Print only what runs from the line that includes "A picturesque, natural" to the end of the listing, word for word, and do not include any pictures.

Data to examine below:

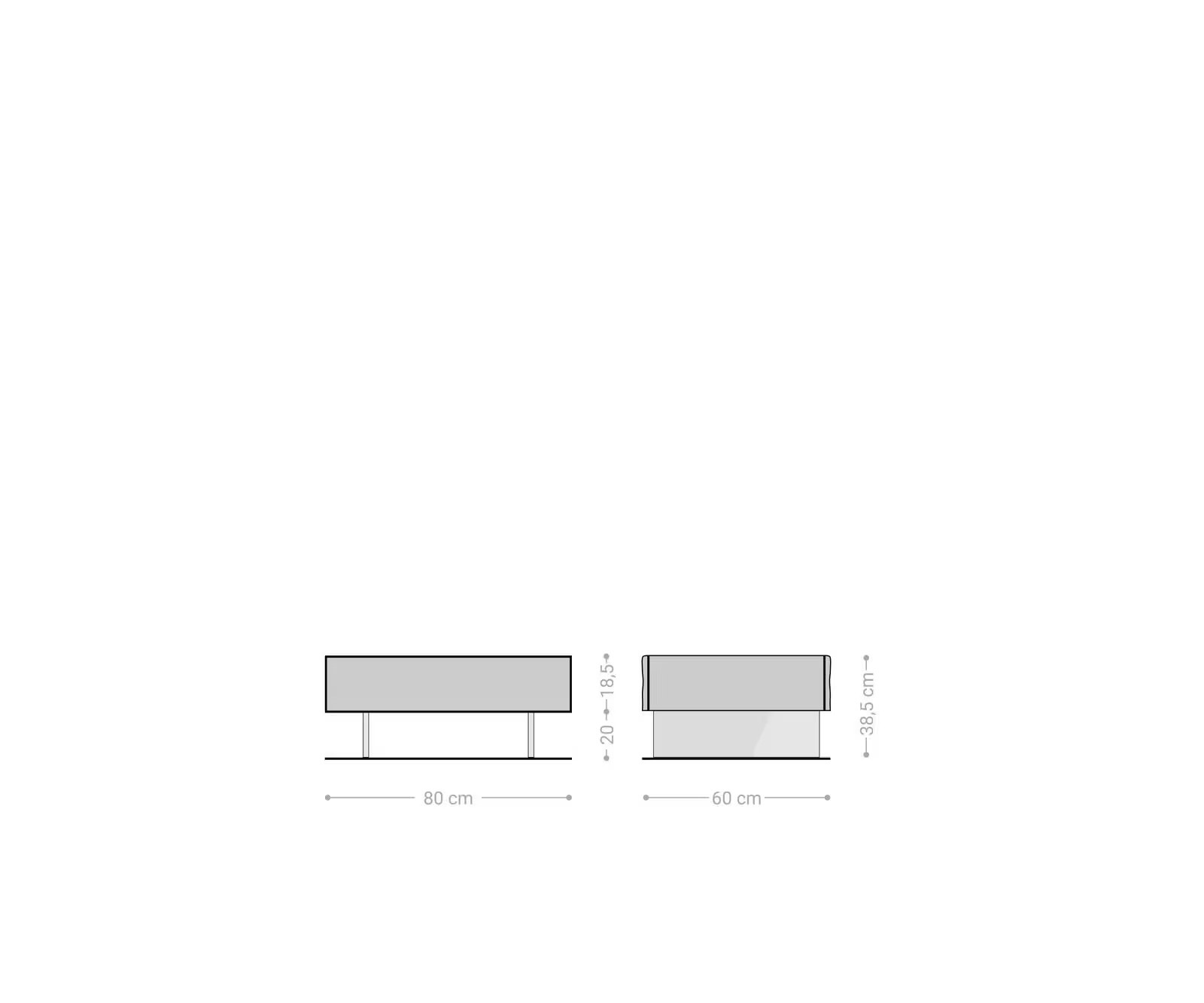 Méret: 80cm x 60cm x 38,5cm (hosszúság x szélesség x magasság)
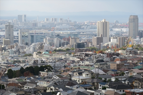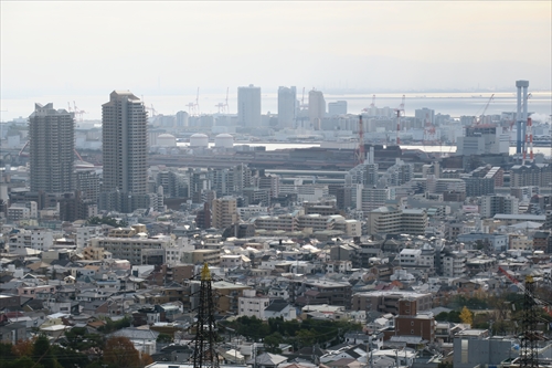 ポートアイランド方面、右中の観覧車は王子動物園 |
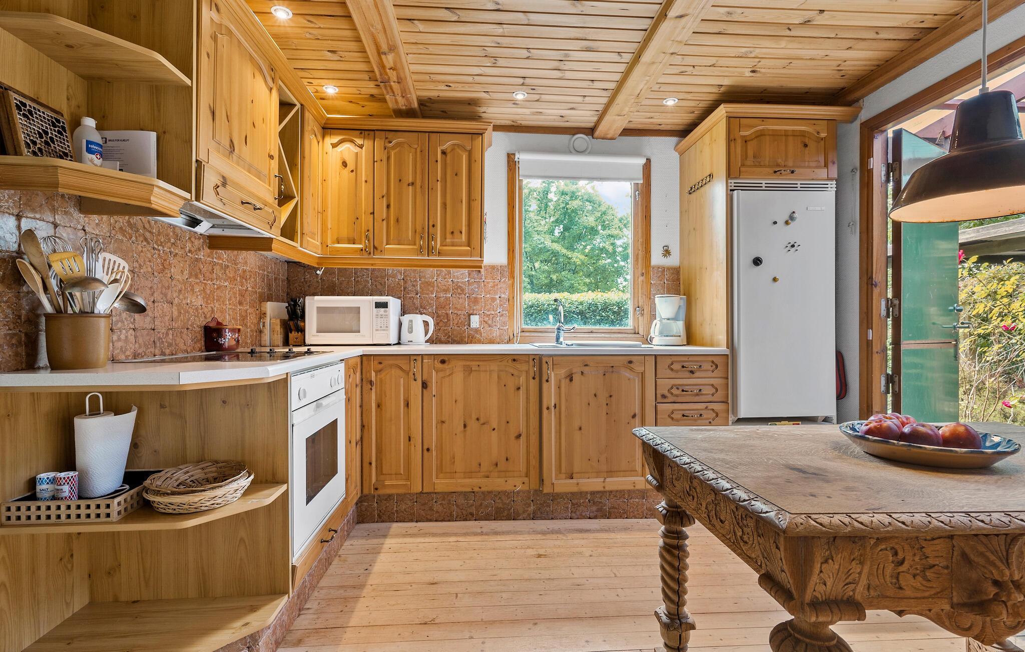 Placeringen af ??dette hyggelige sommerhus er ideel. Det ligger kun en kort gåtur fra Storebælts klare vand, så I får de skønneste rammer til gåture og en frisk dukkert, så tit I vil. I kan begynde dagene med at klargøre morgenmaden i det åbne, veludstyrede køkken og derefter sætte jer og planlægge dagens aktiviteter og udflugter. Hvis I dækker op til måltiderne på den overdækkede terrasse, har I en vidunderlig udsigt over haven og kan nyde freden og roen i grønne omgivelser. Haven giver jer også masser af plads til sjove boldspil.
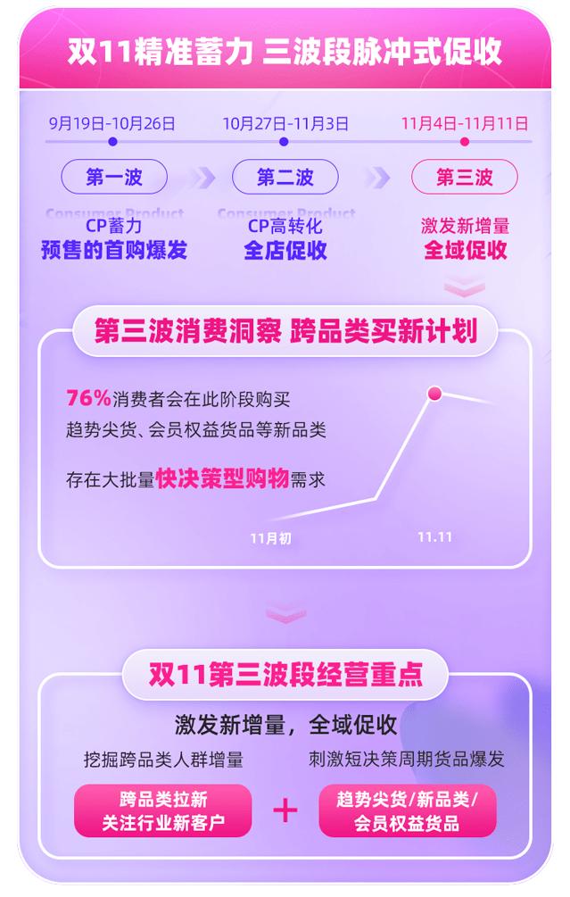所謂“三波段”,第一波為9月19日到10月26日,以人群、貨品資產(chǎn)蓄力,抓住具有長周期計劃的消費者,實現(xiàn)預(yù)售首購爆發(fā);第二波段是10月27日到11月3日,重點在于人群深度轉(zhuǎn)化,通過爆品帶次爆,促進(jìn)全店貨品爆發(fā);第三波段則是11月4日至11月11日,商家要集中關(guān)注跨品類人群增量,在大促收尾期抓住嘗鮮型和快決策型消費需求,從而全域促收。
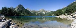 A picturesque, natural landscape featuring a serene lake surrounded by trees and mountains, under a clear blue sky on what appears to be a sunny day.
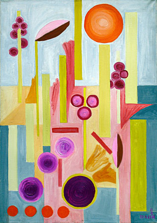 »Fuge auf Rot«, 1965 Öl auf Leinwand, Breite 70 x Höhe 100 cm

End of Data to examine.

The answer:
 A picturesque, natural landscape featuring a serene lake surrounded by trees and mountains, under a clear blue sky on what appears to be a sunny day.
 »Fuge auf Rot«, 1965 Öl auf Leinwand, Breite 70 x Höhe 100 cm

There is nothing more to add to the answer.